(Dataset items)
○ ○ ○

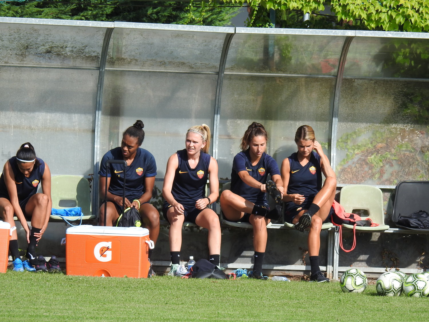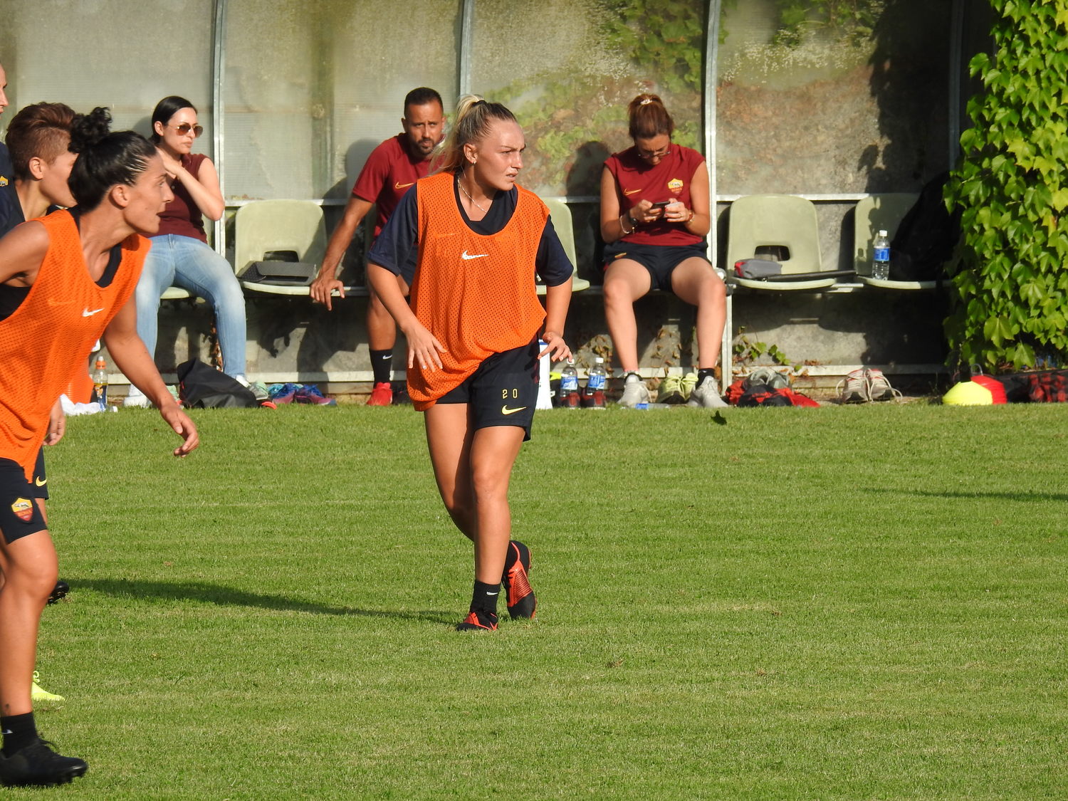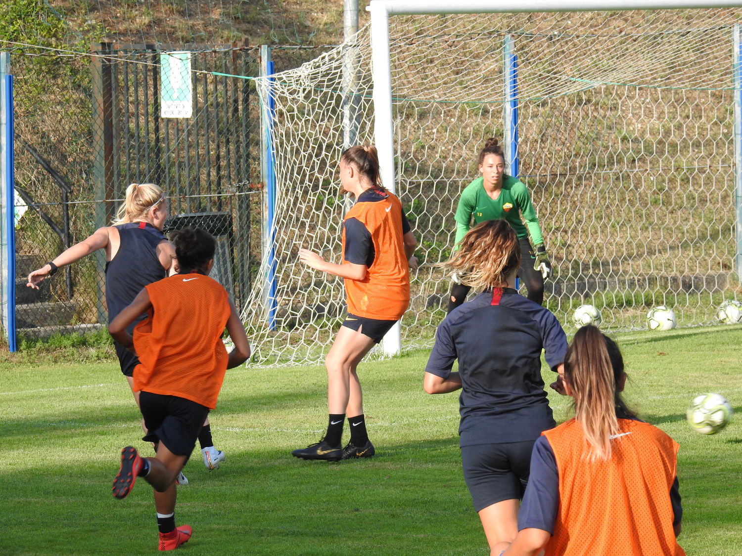 Dopo l'allenamento di questa mattina, le ragazze di coach Bavagnoli sono tornate in campo per l'allenamento pomeridiano. Dopo un inizio in palestra, il gruppo si è spostato in campo per una serie di esercitazioni con il pallone. A seguire, si è svolta una partitella che ha visto vincitrici le blu per 5-1 contro le arancio. In grande spolvero Vanessa Bernauer, autrice di una tripletta. Da segnalare, per le arancio, la bellissima punizione messa a segno da Andressa Alves. Non si sono allenate con le compagne Bonfantini (contrattura), Soffia (affaticamento) e Zecca (allenamento a parte).
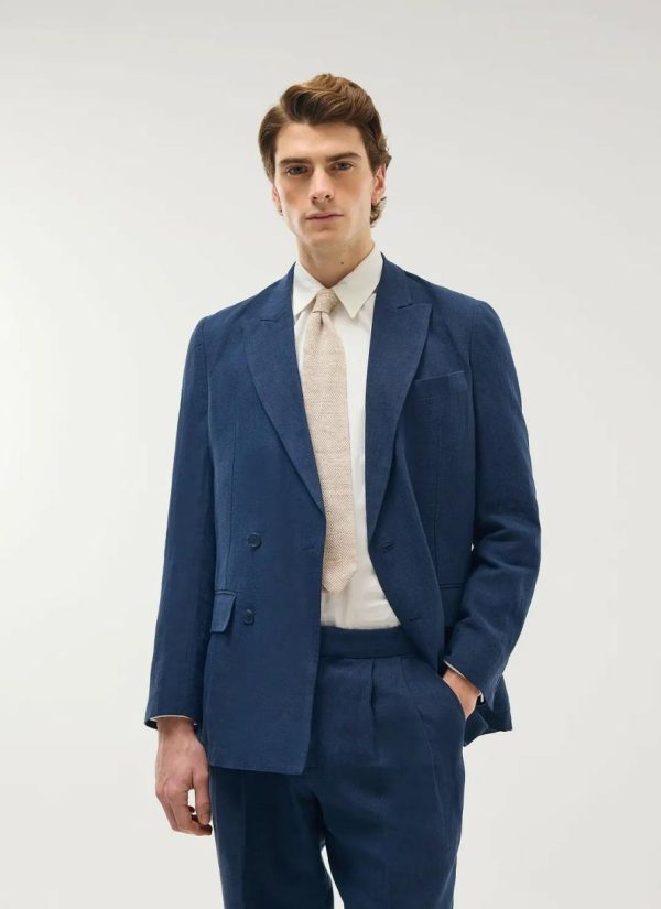 New year new suit, new fit. Percival Tailored double breasted blazer. What would this blazer be if it was a burger, the big cheese, the big Kahuna, it would be a special limited edition. Cut from our finest linen, deconstructed blazer construction, meaning it’s easy to wear, not at all a stuffy suit. Wear with matching linen trousers, there are some fit options, or wear with linen short even pair it with jeans, versatile blazer style.
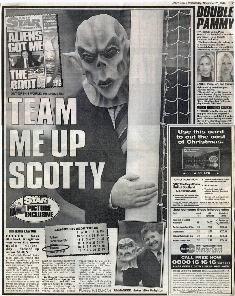 Basically a reporter at the News & Star had produced a story which claimed that the then owner, who had previously had a chance to buy Manchester United before they became the massive club they are now, had been visited by aliens.
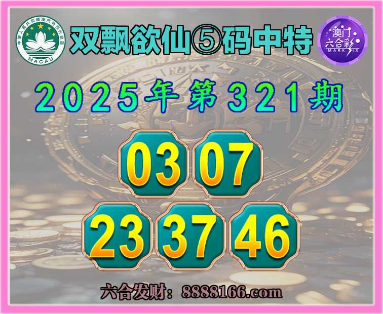 321期:〖双飘欲仙〗 🏵️⑤码中特🏵️【03.07.23.37.46】开:23准
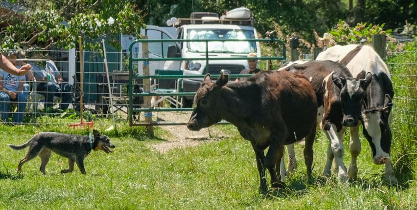 I did some work with Ukulele a bit at this clinic. Pretty happy with boosting her confidence and taking commands. She has a really great ability to turn and flank, and is very respectful to moving stock. We are hoping to do a bit more pen work with her
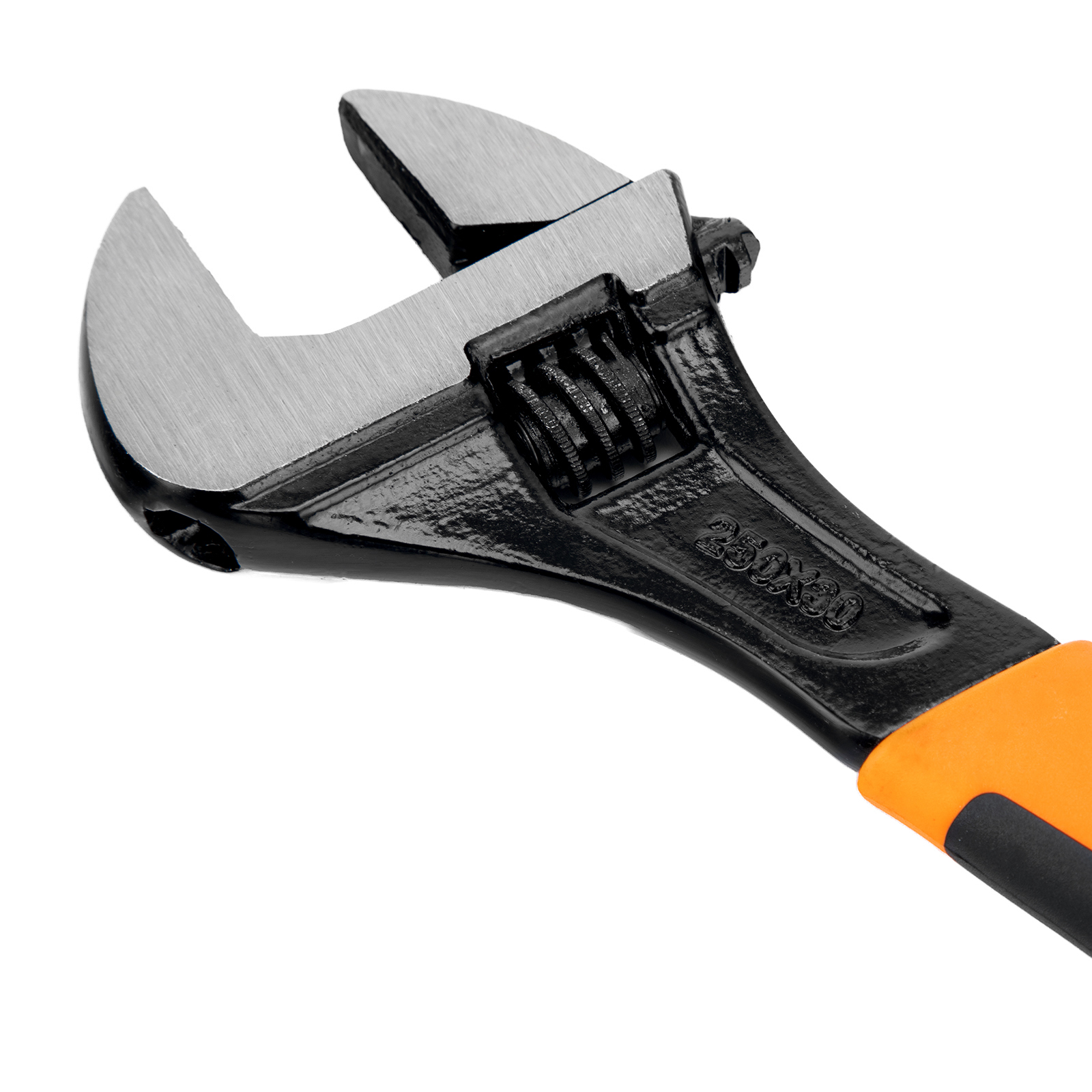 Разводной ключ Sparta 15543 длиной 250 мм, с двухкомпонентной рукояткой, имеет регулируемый зев и подходит для работы с любыми крепежными деталями диаметром до 30 мм, в том числе нестандартными. Инструмент заменяет целый комплект гаечных ключей и пригодится для бытового применения.
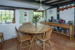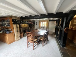 Braggington House is a charming late 16th Century village house with 20th Century alterations and restorations. It is largely built of a timber frame with plastered infill on a rubble plinth beneath a clay tiled roof with squat rubble stacks made of local lias stone. The appearance is quintessentially English with striking black and white elevations. Both internally and externally the property has extensive period features throughout and is well presented. Internal features include exposed wall and ceiling timbers, open fireplaces, exposed lias stonework, leaded light windows and some original doors. The attic floor has an important pigeon loft. The living accommodation, which is well suited to family living, offers potential for further improvement and extends over three floors. The arrangement and measurements of the rooms can be seen on the accompanying floorplans. On the ground floor there are two superb interconnecting reception rooms full of character featuring an inglenook fireplace with stone surround and hearth, French doors onto the garden terrace and high quality fitted cabinets. The dining room which is open to the hall features an impressive inglenook fireplace with wood burning stove, an abundance of exposed timbers and is ideal for formal entertaining. Beyond the drawing room is the study running the full width of the property. The kitchen/breakfast room has fitted cabinets, terracotta tiled floor, stainless steel sink, plumbing for a dishwasher and electric cooker. Walk in pantry. There is a utility with sink, oil fired boiler and door to garden. There is a ground floor WC. A second utility room houses the boiler for the apartment and provides access to the double garage as well as internal access to the apartment above. The first floor provides four bedrooms accessed off a central landing (one being walk through), with the master bedroom having extensive fitted wardrobes and a dedicated en suite shower room. More recently the family bathroom and adjacent WC have been updated. The third floor houses bedroom five and gives access to three attic rooms with potential for further conversion to living space. Adjacent to the main house with its own front door lies the annexe comprising a spacious self contained one bedroom apartment with tall ceilings, exposed timbers and views over farmland to the south west. Outside the gardens and grounds provide a special backdrop to the property and are part moated to the north and west side of the house. Braggington House is approached via an in and out gravel driveway past lawns. Adjacent to the rear elevation is a broad terrace with original well and pergola, ideal for summer dining with steps down to a secluded formal garden mainly laid to lawn with a variety of specimen trees and shrubs with well stocked borders. To one corner is a thatched summer house. Beyond the private formal gardens is a sizeable upper garden set out as a paddock area with greenhouses and stores, vegetable plot, fruit cages and young orchard.
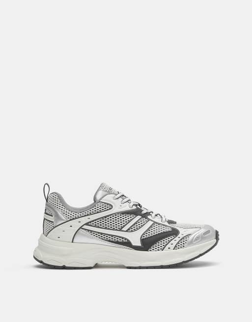 Pull&Bear – Silverfärgade, flerdelade sneakers
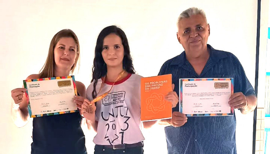 A estudante Luana Bonifácio Lucena recebeu a medalha de bronze e outros alunos receberam o certificado de Menção Honrosa
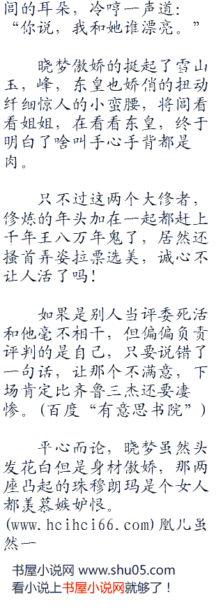 刚才是误会出手,现在变成了二女争夫,一个是冷傲如冰,一个热情如火,这两个女人天生就是死对头。将闾感觉自己已经没有活路。
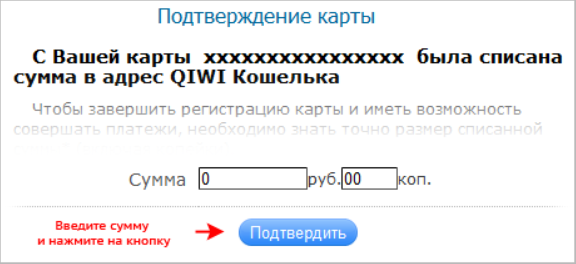 Чтобы завершить подключение карты, пришлите SMS* со значением «контрольной» суммы с точностью до копеек на номер 3115.
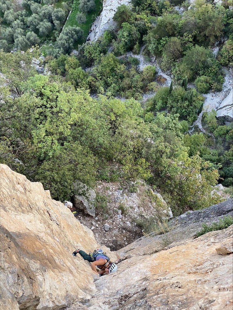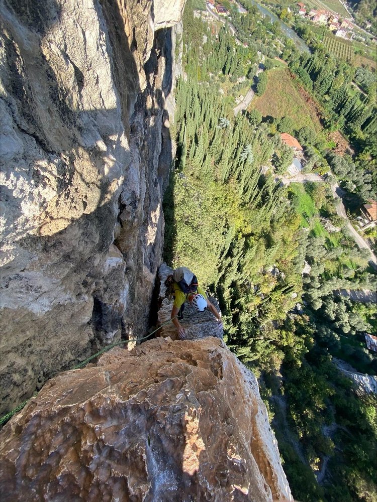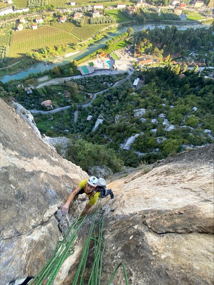 Fantastische Verschneidungs- und Rissklettertour am Colodri. Nachdem man die erste sehr abgespeckte Seillänge hinter sich gebracht hat, wird es nach oben hin immer besser! Vor allem die nahezu perfekte Verschneidung in Seillänge 6 und 7 ist ein richtiger Klettergenuss. Die sporadisch mit Bohrhaken abgesicherten Risse und Verschneidungen lassen sich super mit mobilen Sicherungsmitteln absichern. Wer Spaß am Selbstabsichern und hantieren mit Friends hat, ist hier in dieser Tour genau richtig.
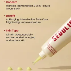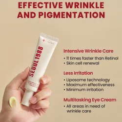 Déposez une petite quantité du bout des doigts et étalez délicatement sur le contour des yeux en tapotant légèrement pour une meilleure absorption. Grâce à la présence de rétinal (un dérivé de la vitamine A), utilisez-le le soir pour un résultat optimal. Si vous l'utilisez pendant la journée, appliquez toujours une protection solaire. Commencez par une petite quantité pour permettre à votre peau de s'adapter progressivement.
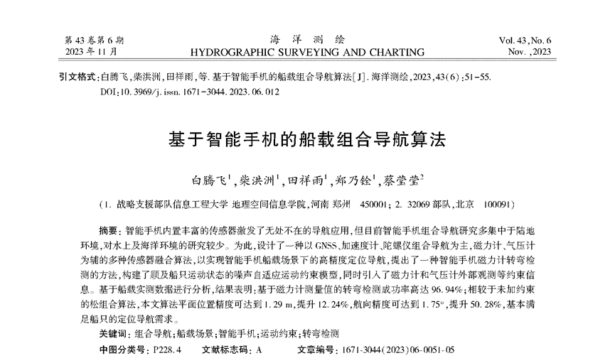 9 z8 o+ }7 {5 q; K 《海洋测绘》2023年第5期,精彩内容抢先看! ' D1 {6 R5 \2 a8 R1 c6 R8 p/ K, S

○ ○ ○

**Problem to solve**
Exactly the lines above from the one that contains "321期:〖双飘欲仙〗 🏵️" down to the one that contains "Разводной ключ Sparta" are to be output, both ends kept and pictures omitted.

**Task solution**
 321期:〖双飘欲仙〗 🏵️⑤码中特🏵️【03.07.23.37.46】开:23准
 I did some work with Ukulele a bit at this clinic. Pretty happy with boosting her confidence and taking commands. She has a really great ability to turn and flank, and is very respectful to moving stock. We are hoping to do a bit more pen work with her
 Разводной ключ Sparta 15543 длиной 250 мм, с двухкомпонентной рукояткой, имеет регулируемый зев и подходит для работы с любыми крепежными деталями диаметром до 30 мм, в том числе нестандартными. Инструмент заменяет целый комплект гаечных ключей и пригодится для бытового применения.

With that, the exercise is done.